Bradley Grainger (Logos)

https://community.logos.com/discussion/comment/853361#Comment_853361

But I searched for batach, then looked for the sense for batach, yet it still shows me a sense for le.

This is because you're searching the Hebrew text as it is aligned to an English translation. The granularity of the results is controlled by the alignment units in the RI; when multiple lemmas are aligned to a single English word/phrase, all the information from those lemmas will be mixed together into the Analysis grid.

It seems like what you want to do is: find all instances of a root (in the Hebrew), group them by sense, and only then, align to the English. This is an good feature suggestion for the Analysis grid (i.e., search in LHB then add one or more "Translation" columns after the search has run, similar to adding parallel resources in the "Verses" view of Bible Search) but is not currently supported.

Francis

https://community.logos.com/discussion/comment/853361#Comment_853361

I noted also that in your suggestion, you reversed the order when you substituted Result for Sense (you have Result-Resource instead of Resource-Result). In the latter case, the problem is the same: there are 52 hits in the ESV in Psalms when sorted only by Resource, but 59 when sorted by Resource-Result (the definite article is counted as a hit). In the following example, Ps 125:1 in the NASB, the definite article is translated as "those" in the interlinear. In fact, right-clicking on "trust" in the English text only links it to the root with no mention of the article at all. Why it appears as a "result" in the analysis I still cannot fathom:

EDIT: I posted this before I saw your replies Mark and Bradley. I cannot say that they completely solve it for me.

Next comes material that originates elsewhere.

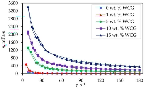 - From the obtained diagrams of the dependence of apparent viscosity (η, mPa s) on shear rate (γ, s−1), it is evident that samples with 0 wt. % waste coffee grounds at a shear rate of 50 s−1 have viscosity values of 11.8 mPa s, while samples with 15 wt. % of waste coffee grounds at a shear rate of 50 s−1 have values of around 967.6 mPa s, from which it can be concluded that increasing the waste coffee ground amount also increases the apparent viscosity.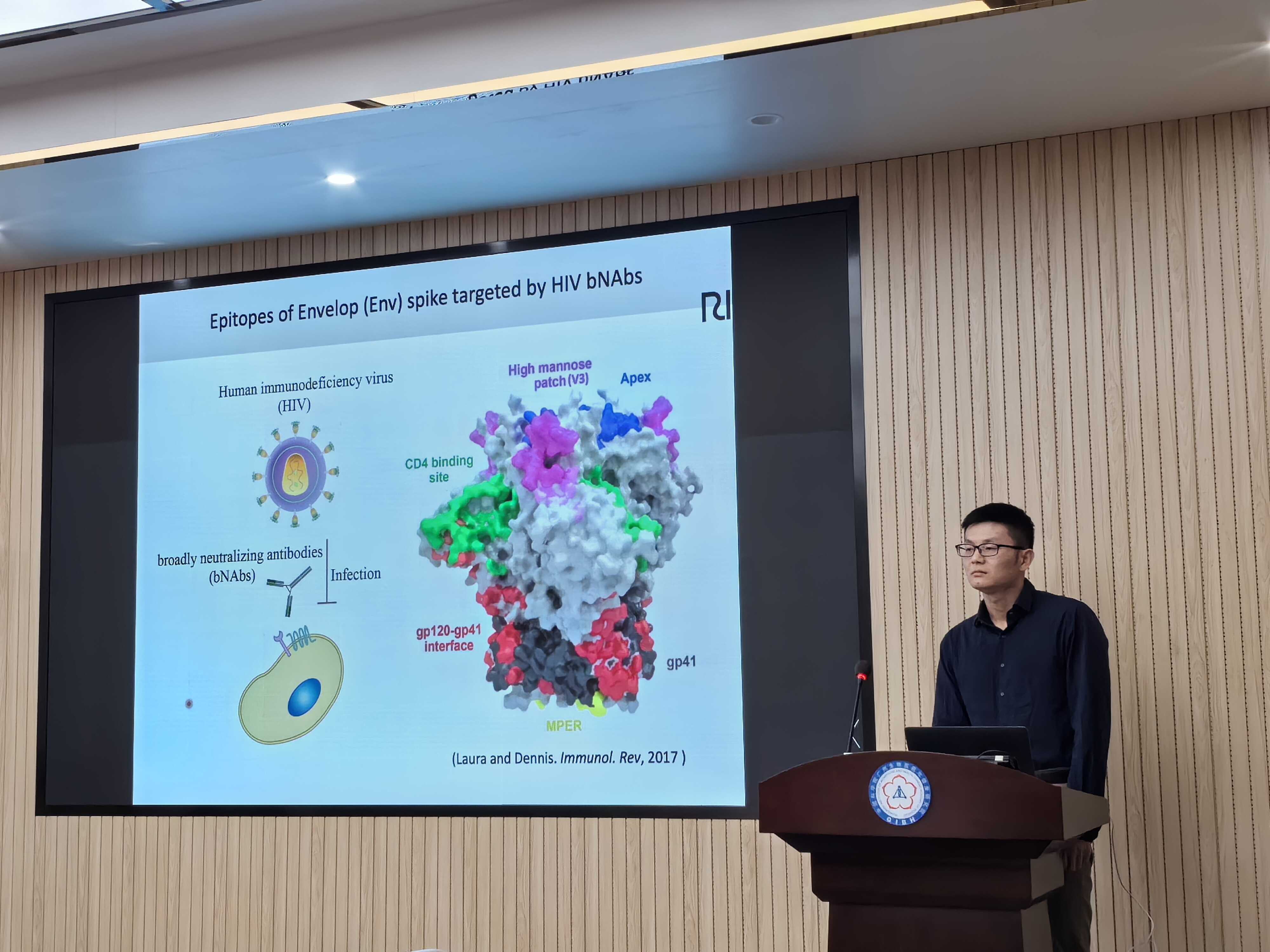 在報(bào)告中,謝振飛博士介紹通過(guò)使用人源化免疫球蛋白基因敲入小鼠模型,發(fā)現(xiàn)靶向(GT)誘導(dǎo)蛋白三聚體免疫原N332-GT5能活化V3-聚糖靶向bnAb BG18的種系前體細(xì)胞,并且由 N332-GT5激活的前體B 細(xì)胞可以通過(guò)兩種新型蛋白加強(qiáng)免疫原中的任何一種有效加強(qiáng),這兩種新型蛋白免疫原旨在與脫靶 V1 結(jié)合反應(yīng)具有最小的交叉反應(yīng)性。以信使 RNA 脂質(zhì)納米顆粒 (mRNA-LNPs) 形式遞送初免和加強(qiáng)免疫原可產(chǎn)生持久的 GC、體細(xì)胞超突變和親和力成熟,可能是 HIV 疫苗開(kāi)發(fā)的有效工具。這些研究成果開(kāi)辟了開(kāi)發(fā)有效HIV疫苗的新策略。

Perhaps the simplest answer is as Mark puts it "a limitation inherent to how the reverse interlinear works" which accept them as they are designed.

Bradley Grainger (Logos)

https://community.logos.com/discussion/comment/853366#Comment_853366

Why it appears as a "result" in the analysis I still cannot fathom:

The result in the grid you're showing in the screenshot is from the ESV or NRSV, not the NASB. If you look at one of those translations, you'll see that both lemmas are aligned to a single unit "Those who trust", which is why they both appear in the grid.

Perhaps the simplest answer is as Mark puts it "a limitation inherent to how the reverse interlinear works" which accept them as they are designed.

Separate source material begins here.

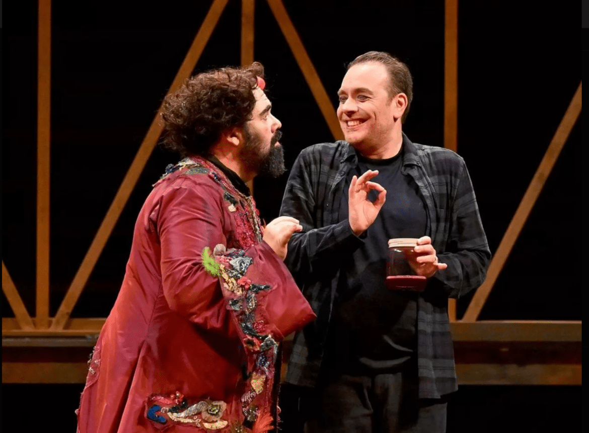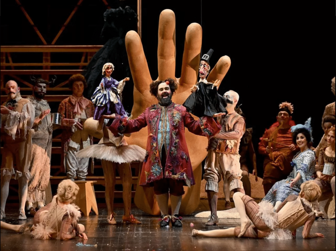 Un Elisir d’amore très original vient d’être proposé au Teatro Regio de Parme. Le metteur en scène Daniele Menghini – ancien collaborateur de Davide Livermore et Graham Vick – a mis en scène le melodramma giocoso de Donizetti sous la forme d’une fantasmagorie, avec des marionnettes, des mimes et les burattini[1] de Daniela et Giordano Ferrari. Le protagoniste Nemorino est apparu non seulement comme le paysan naïf, amoureux de la réticente Adina, mais d’abord comme un Geppetto romanesque désireux de sculpter dans le bois les personnages de l’opéra, puis comme un Pinocchio adolescent impliqué dans le dur monde des adultes, et enfin comme un homme heureux de réaliser son rêve d’amour.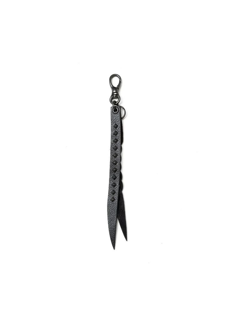 【ラスト1点】STUDS & KNITTING LEATHER SHORT KEY RING <TYPE B> (BLACK/BLACK) / スタッズ レザー キーリング

Yes, this is how searching in reverse interlinears works.

Francis

https://community.logos.com/discussion/comment/853370#Comment_853370

The result in the grid you're showing in the screenshot is from the ESV or NRSV, not the NASB.

Right, since I was under a specific resource, I assumed the link would open in it when I clicked on it but it used my default English Bible instead, and then I thought it must have been under that resource. My mistake here. It does bring up the question of consistency again though: why is "those who trust" (the exact same English rendering for the exact same Hebrew underlying text) one unit in ESV but not in the NASB?